Projected Participation

View Appendix E: Participation

Outreach Plan

The project members comprise a group of dedicated soil, water and environmental scientists and engineers who excel in the communication of their research through different communications platforms, and who are active participants in soil and environmental research at universities and federal facilities throughout the country. They also lead in undergraduate and graduate instruction and mentoring, and by supervising post graduate, graduate and undergraduate research. Many of our members conduct workshops and classes to train other scientists and the public, contribute to state, regional and federal agencies and publish their findings in top-tier, peer-reviewed journals, targeting both science and engineering communities. W1188 members are active participants and presenters at many professional society international/ national/regional meetings (SSSA, AGU, ESA, ASCE), and major workshops and symposia sponsored by these societies. Our members are frequent initiators of major workshops and symposia. They serve on journal editorial boards and as ad hoc manuscript reviewers, and therefore, enhance the overall quality of published research. Members not only conduct research, but they serve the scientific community by their engagement in competitive grant review panels of federal and regional entities, and as peer reviewers for domestic and international grant proposals.
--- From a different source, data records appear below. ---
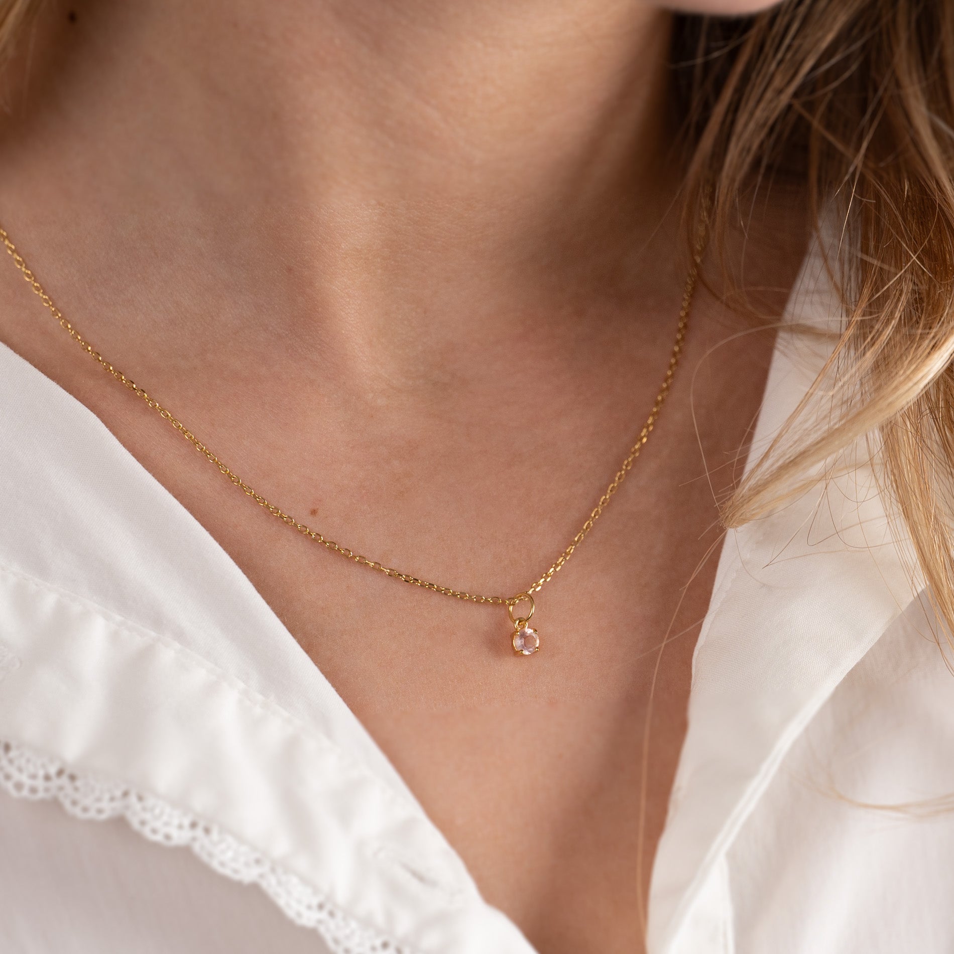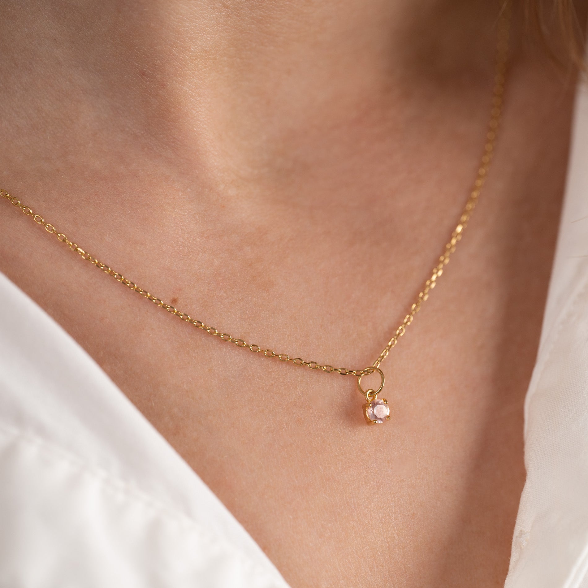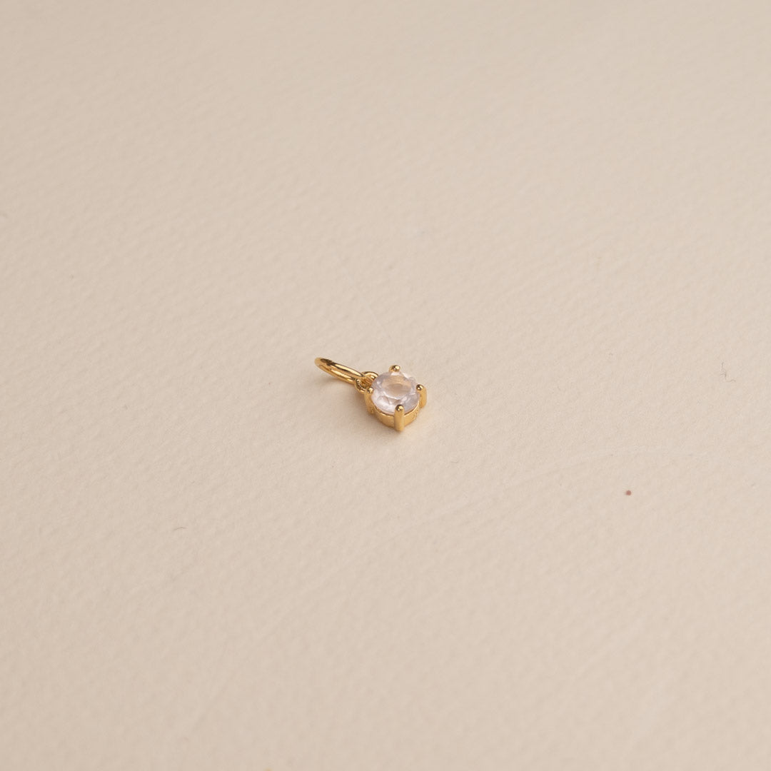 Anheng i 18 karat forgylt 925 sterlingsølv med rosenkvarts. Steinen måler ø 4 mm, og er satt i en klassisk omfatning.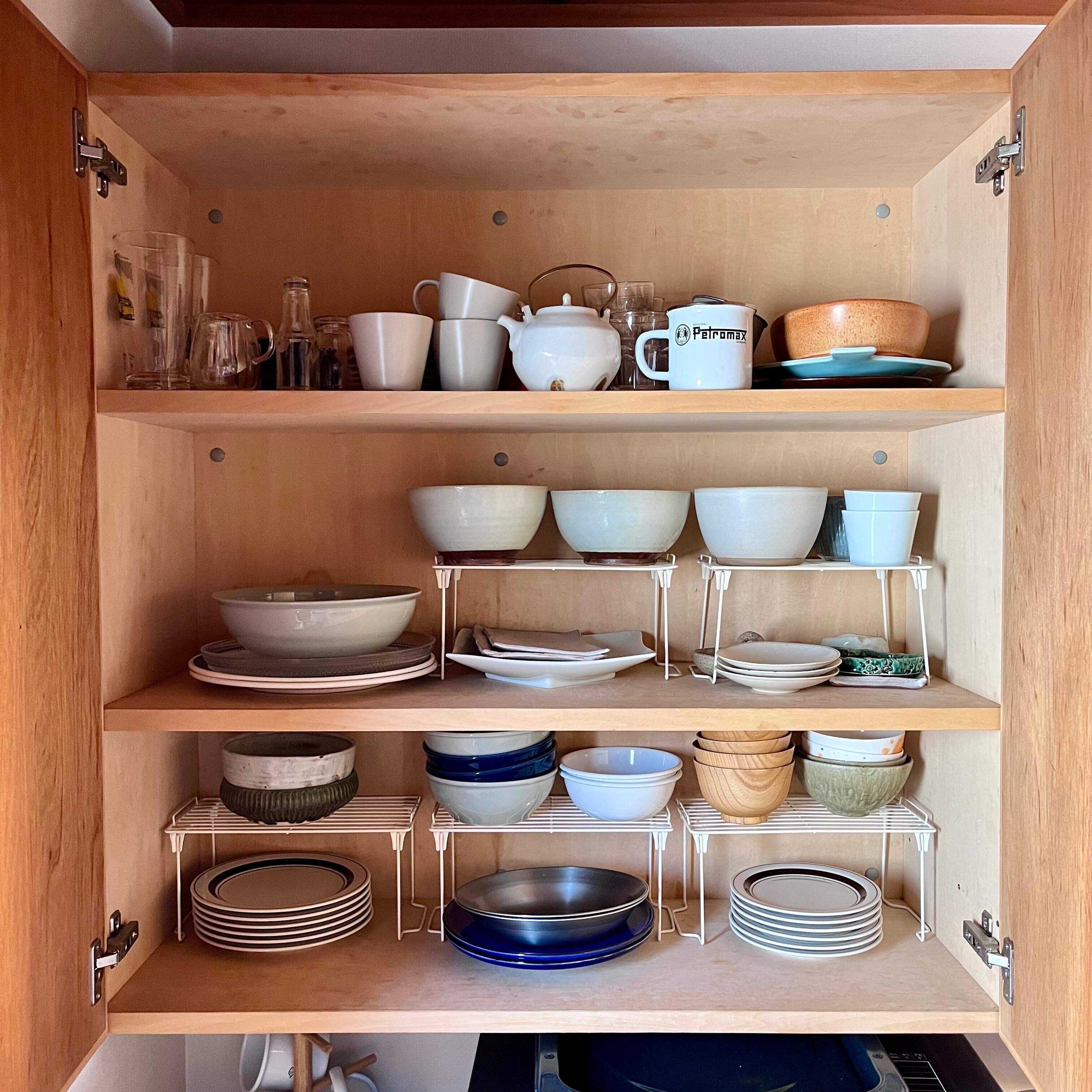 食器はキッチンの中でも一番片づけが難しい種類なので、ある程度整理力がついてから最後に取り掛かりましょう。欠けている物、1年以上使っていない物、くすんでいる物などないか、1つ1つ手に取って確認して行きましょう。食器棚が食器でぎゅうぎゅうになっている場合、収納を増やすのではなく、まずは自分が使いやすい量まで調整してみましょう。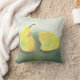 Gele en groene peren tegen een groen bos en een grijsgroene achtergrond. Nog steeds het leven in oliepastel.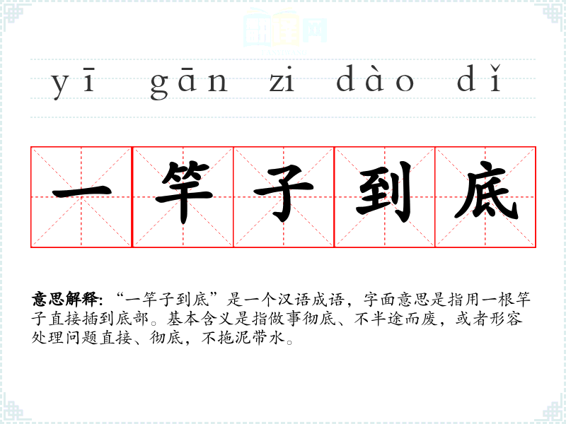 “一竿子到底”是一个汉语成语,字面意思是指用一根竿子直接插到底部。基本含义是指做事彻底、不半途而废,或者形容处理问题直接、彻底,不拖泥带水。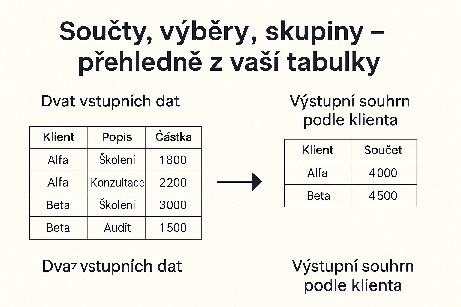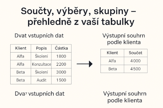Připravím součty, výběry podle podmínek, rozdělení do skupin nebo doplnění nových údajů. Pracuji i s transakčními daty – jasně, přehledně, bez zbytečných složitostí.

Through entrepreneurship, committee members have developed commercially available instruments, analytical tools, and textbooks. We fully expect this type of outreach to continue and thrive. Results of our work will be available through the annual project report, the project website (http://nimss.umd.edu/homepages/home.cfm?trackID=6016), periodic joint meetings with related multistate research and/or coordinating groups, and through the international reputations and professional visibility of participants. The members will also work with consulting firms, companies and farmers to adopt measurement and management technologies.

Organization/Governance

The current W1188 multistate committee consists of members representing SAESs, other Universities, the USDA-ARS, National Laboratories, and other research units. In addition, visiting scientists (U.S. and global) participate along with member hosts. Officers of W1188 will be the Chair and Secretary. As done for some time, the Secretary is elected each year at the annual meeting and advances to Chairperson the following year. The chairperson may appoint members to serve on subcommittees as needed.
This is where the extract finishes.